--- START ---

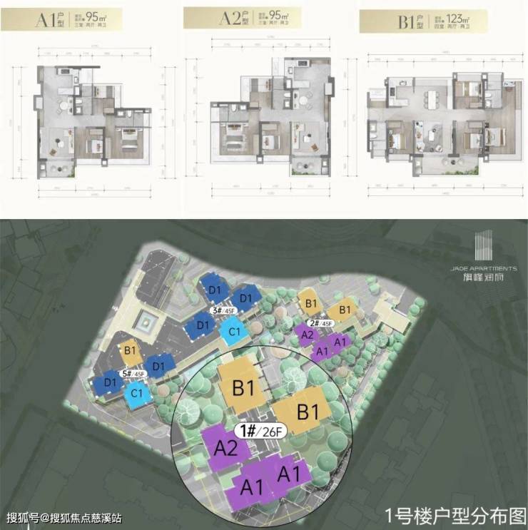 1号楼主要为入门户型,层高26层,3梯5户,建面约95-123㎡的3-4房。
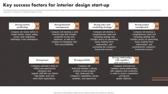 This slide covers the essential points to be considered while operating an interior design business in the market. These are understanding prospects needs, focusing on outcomes and emotions, and building a solid brand that is required for a company to compete in its target markets. Slidegeeks is one of the best resources for PowerPoint templates. You can download easily and regulate Key Success Factors For Interior Design Start Up Luxury Interior Design Themes Pdf for your personal presentations from our wonderful collection. A few clicks is all it takes to discover and get the most relevant and appropriate templates. Use our Templates to add a unique zing and appeal to your presentation and meetings. All the slides are easy to edit and you can use them even for advertisement purposes. This slide covers the essential points to be considered while operating an interior design business in the market. These are understanding prospects needs, focusing on outcomes and emotions, and building a solid brand that is required for a company to compete in its target markets.
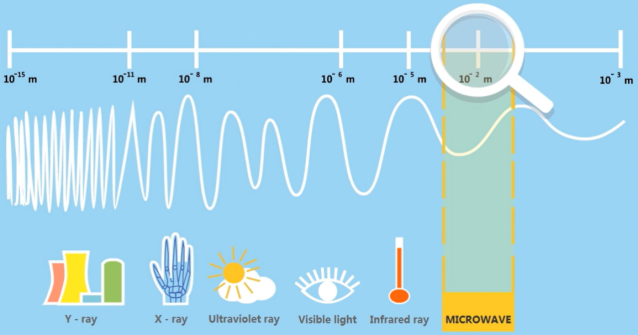 电磁波按照不同的“波长”或“频率”可以分为无线电波、微波、红外线、可见光、紫外线、X 射线和伽马射线等。微波是电磁波的一种,通常指波长大约在1 mm到1 m之间、频率在300MHz到300GHz范围内的电磁波,在电磁波谱中处于无线电波和红外线之间。它的这种高频特性使得它能够携带更多的信息,而且由于微波还可以穿透电离层,使得它在通信领域有着重要应用。
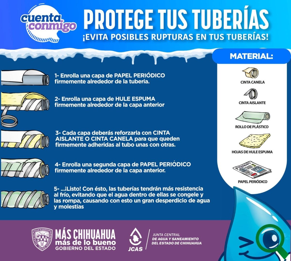 La Junta Central de Agua y Saneamiento (JCAS) invitó a la población a tomar medidas preventivas para reducir el riesgo de congelamiento y rotura de tuberías durante esta temporada. La dependencia recomendó revisar el estado de las instalaciones y reparar cualquier fuga, ya que los escapes de agua suelen convertirse en puntos vulnerables.
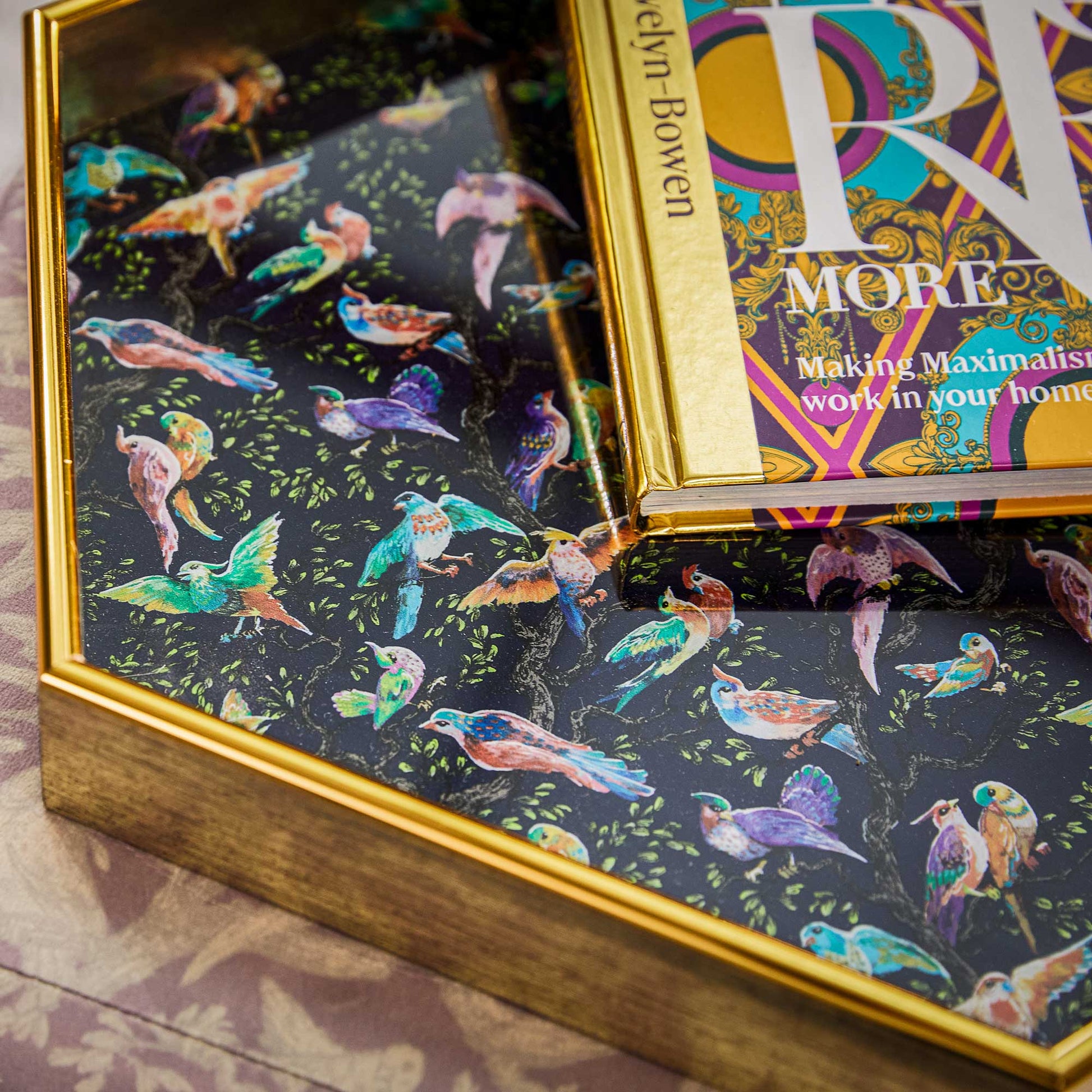 Elevate your entertaining with this striking hexagonal serving tray from the Casa Nova Collection. Featuring Laurence Llewelyn-Bowen's distinctive Birdity Absurdity design in sophisticated black and gold, this piece combines contemporary style with practical elegance. Perfect for serving refreshments or displaying your finest pieces, it brings an artistic flourish to any occasion. Exclusively available online. Compliment your look with the matching coaster.
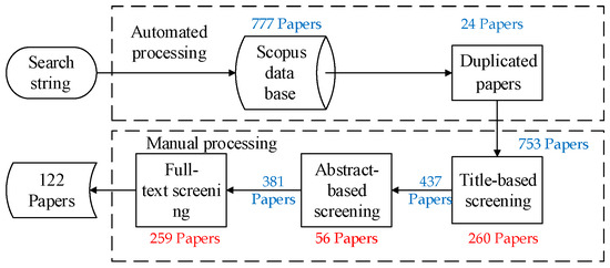 Table 1 displays the final search string alongside its associated domains and terms. This search string underwent an iterative process, wherein the outcomes of each iteration were validated using a test set of 10 pertinent papers supplied by an experienced researcher in power electronics. As a result of the search in the Scopus database, 777 papers were identified and progressed to the next stage, which involved the inclusion and exclusion procedure.
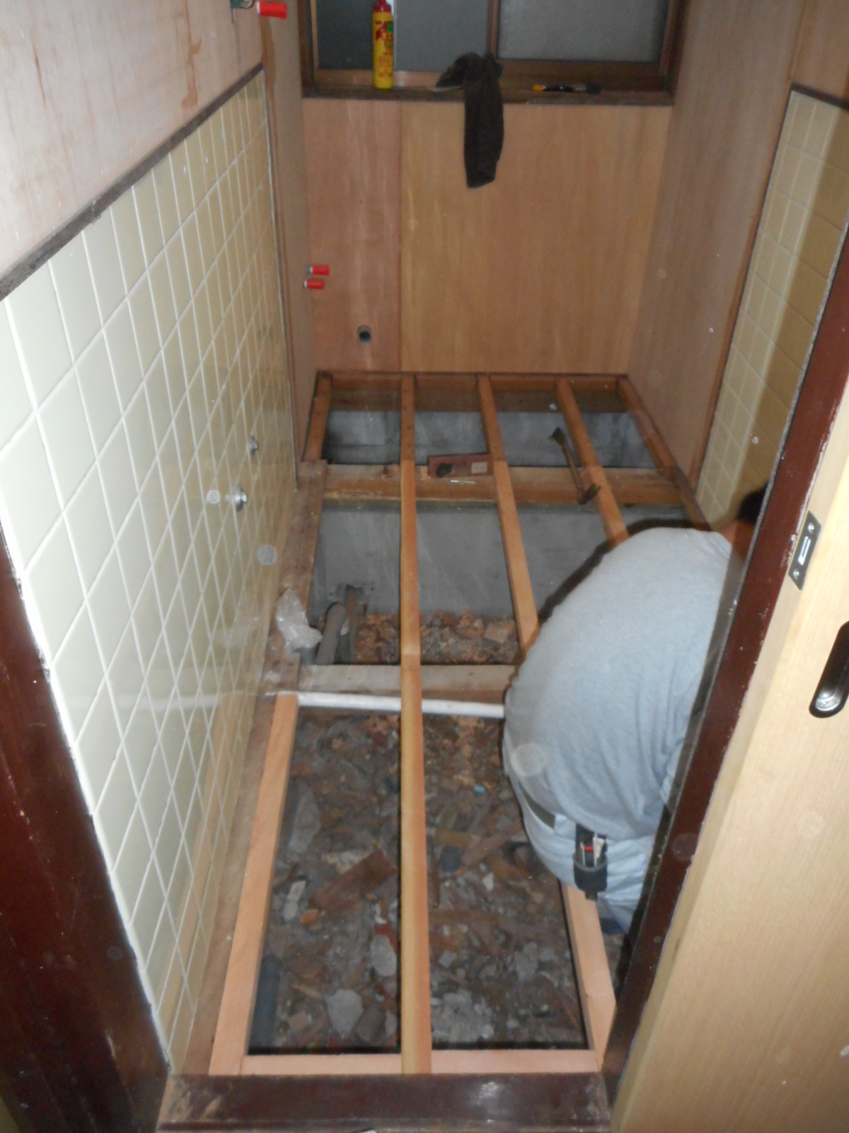 ・床はブカブカすると言うことで、全面解体し根太を補強、防水合板を施工しCF仕上げにします。

--- END ---

▸ Task details:
The copy you give must repeat each record character for character, but it must not include the pictures.

▸ Solution to this exercise:
 1号楼主要为入门户型,层高26层,3梯5户,建面约95-123㎡的3-4房。
 This slide covers the essential points to be considered while operating an interior design business in the market. These are understanding prospects needs, focusing on outcomes and emotions, and building a solid brand that is required for a company to compete in its target markets. Slidegeeks is one of the best resources for PowerPoint templates. You can download easily and regulate Key Success Factors For Interior Design Start Up Luxury Interior Design Themes Pdf for your personal presentations from our wonderful collection. A few clicks is all it takes to discover and get the most relevant and appropriate templates. Use our Templates to add a unique zing and appeal to your presentation and meetings. All the slides are easy to edit and you can use them even for advertisement purposes. This slide covers the essential points to be considered while operating an interior design business in the market. These are understanding prospects needs, focusing on outcomes and emotions, and building a solid brand that is required for a company to compete in its target markets.
 电磁波按照不同的“波长”或“频率”可以分为无线电波、微波、红外线、可见光、紫外线、X 射线和伽马射线等。微波是电磁波的一种,通常指波长大约在1 mm到1 m之间、频率在300MHz到300GHz范围内的电磁波,在电磁波谱中处于无线电波和红外线之间。它的这种高频特性使得它能够携带更多的信息,而且由于微波还可以穿透电离层,使得它在通信领域有着重要应用。
 La Junta Central de Agua y Saneamiento (JCAS) invitó a la población a tomar medidas preventivas para reducir el riesgo de congelamiento y rotura de tuberías durante esta temporada. La dependencia recomendó revisar el estado de las instalaciones y reparar cualquier fuga, ya que los escapes de agua suelen convertirse en puntos vulnerables.
 Elevate your entertaining with this striking hexagonal serving tray from the Casa Nova Collection. Featuring Laurence Llewelyn-Bowen's distinctive Birdity Absurdity design in sophisticated black and gold, this piece combines contemporary style with practical elegance. Perfect for serving refreshments or displaying your finest pieces, it brings an artistic flourish to any occasion. Exclusively available online. Compliment your look with the matching coaster.
 Table 1 displays the final search string alongside its associated domains and terms. This search string underwent an iterative process, wherein the outcomes of each iteration were validated using a test set of 10 pertinent papers supplied by an experienced researcher in power electronics. As a result of the search in the Scopus database, 777 papers were identified and progressed to the next stage, which involved the inclusion and exclusion procedure.
 ・床はブカブカすると言うことで、全面解体し根太を補強、防水合板を施工しCF仕上げにします。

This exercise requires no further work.